Archive for February 5th, 2008

Wanted: more smokers and obese people

Tuesday, February 5th, 2008

They cost us money. That has been the perception. A new Dutch study says that people who are less healthy live shorter lives and cost the health care system less.

The researchers found that from age 20 to 56, obese people racked up the most expensive health costs. But because smokers and obese people died sooner than the healthy group it cost less to treat them in the long run (that does not include all of the extra taxes smokers pay over a lifetime).

The Associated Press report story goes on to say “in a paper published online Monday in the Public Library of Science Medicine journal, Dutch researchers found that the health costs of thin and healthy people in adulthood are more expensive than those of either fat people or smokers.

Van Baal and colleagues created a model to simulate lifetime health costs for three groups of 1,000 people: the “healthy-living” group (thin and non-smoking), obese people, and smokers. The model relied on ‘cost of illness’ data and disease prevalence in the
Netherlands in 2003”.

What if this study is really true? What if the moral high-ground of “healthy people” is no more? At that point opposition to those that choose unhealthy lifestyles has to be seen as aesthetic or empathetic or just one-upmanship, or marginalization under the guise of concern for behavior modification. Many people try, for any reason at all, to simply point fingers.

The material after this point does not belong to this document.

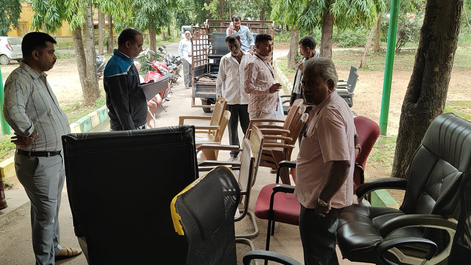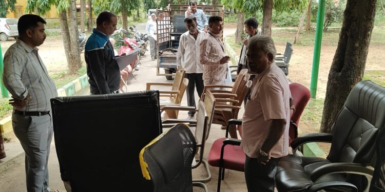 ಪಟ್ಟಣದ ಹೇಮಾವತಿ ಜಲಾಶಯ ಯೋಜನೆ ನ-03 ವಿಭಾಗ ಕಚೇರಿಯ AE ಕಚೇರಿ ಜಪ್ತಿಯಾಗಿದ್ದು, ಆದೇಶದೊಂದಿಗೆ ಕಳ್ಳನಕೆರೆ ಹಾಗು ಗಂಗನಹಳ್ಳಿ ಗ್ರಾಮದ ರೈತರು ಸ್ಥಳಕ್ಕೆ ಬಂದಿದ್ದು, ಆದೇಶ ಪ್ರತಿ ತೋರಿಸಿ ಕಚೇರಿಯಲ್ಲಿದ್ದ ಪೀಠೋಪಕರಣವನ್ನು ವಾಹನದಲ್ಲಿ ಹೊತ್ತೋಯ್ದಿದ್ದಾರೆ.

Most non-smokers are not really bothered by actual second-hand smoke; they just don’t like the idea of someone else doing it. For many others, unless it is a loved one, how others behave and what others do as a lifestyle choice is irrelevant.

There are still those who would like to hide behind the notion of altruistic societal betterment in the notion of condemning lifestyle choices. “It’s better for all of us” is the mantra.

Well, now that that notion is blown out the window with regard to obesity and smoking, the principal and logic of the argument should still remain and apply; that is, if you are determining as the main criterion for your evaluation cost benefits, then let’s look at it the other way.

What that means, by your very own argumentation logic, and the prioritizations of your criteria, is that more people should be fat and smoke as it is more health cost effective.

I am still jogging, but I won’t pull that Twinkie away from you.

But yes, now that you’ve asked, I do have a light.